## GIVEN DATA
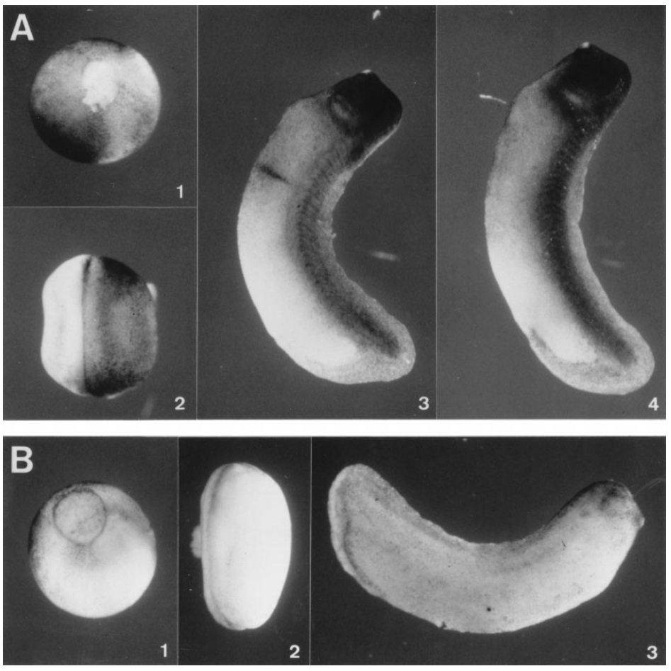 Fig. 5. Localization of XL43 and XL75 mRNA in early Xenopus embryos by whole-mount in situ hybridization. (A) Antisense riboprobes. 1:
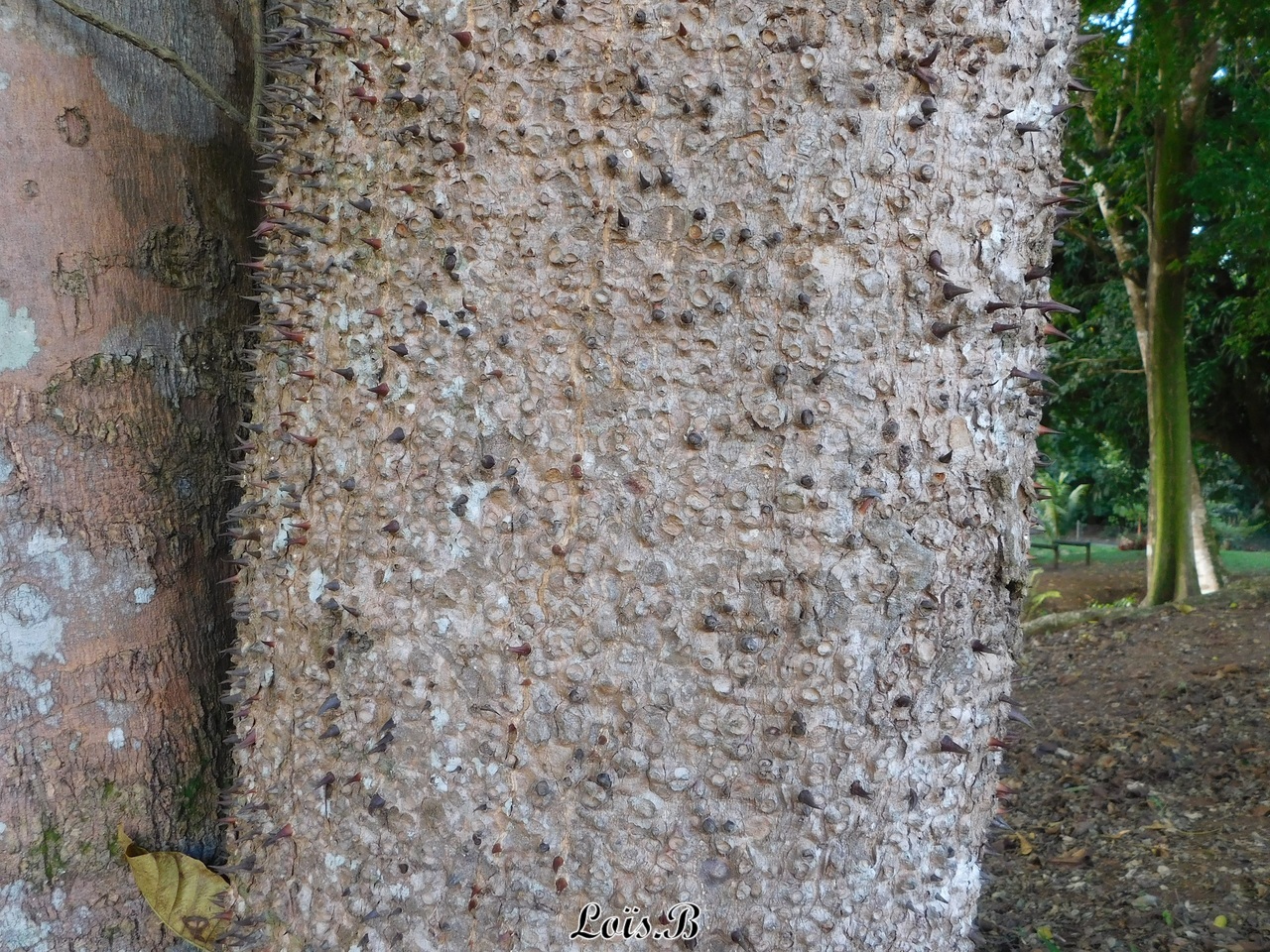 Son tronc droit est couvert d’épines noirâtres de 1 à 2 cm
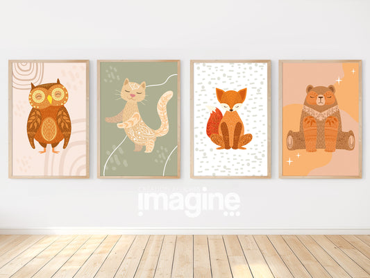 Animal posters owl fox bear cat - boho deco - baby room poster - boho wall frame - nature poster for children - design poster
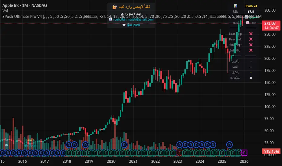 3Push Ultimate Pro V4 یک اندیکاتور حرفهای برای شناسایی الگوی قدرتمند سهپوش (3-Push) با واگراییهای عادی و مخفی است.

## ACTIVITY
Starting at the first line of the listing above, write out each line exactly and nothing else until you reach the line containing "Son tronc droit", which is included as well; omit all pictures.

## WRITTEN ANSWER
 Fig. 5. Localization of XL43 and XL75 mRNA in early Xenopus embryos by whole-mount in situ hybridization. (A) Antisense riboprobes. 1:
 Son tronc droit est couvert d’épines noirâtres de 1 à 2 cm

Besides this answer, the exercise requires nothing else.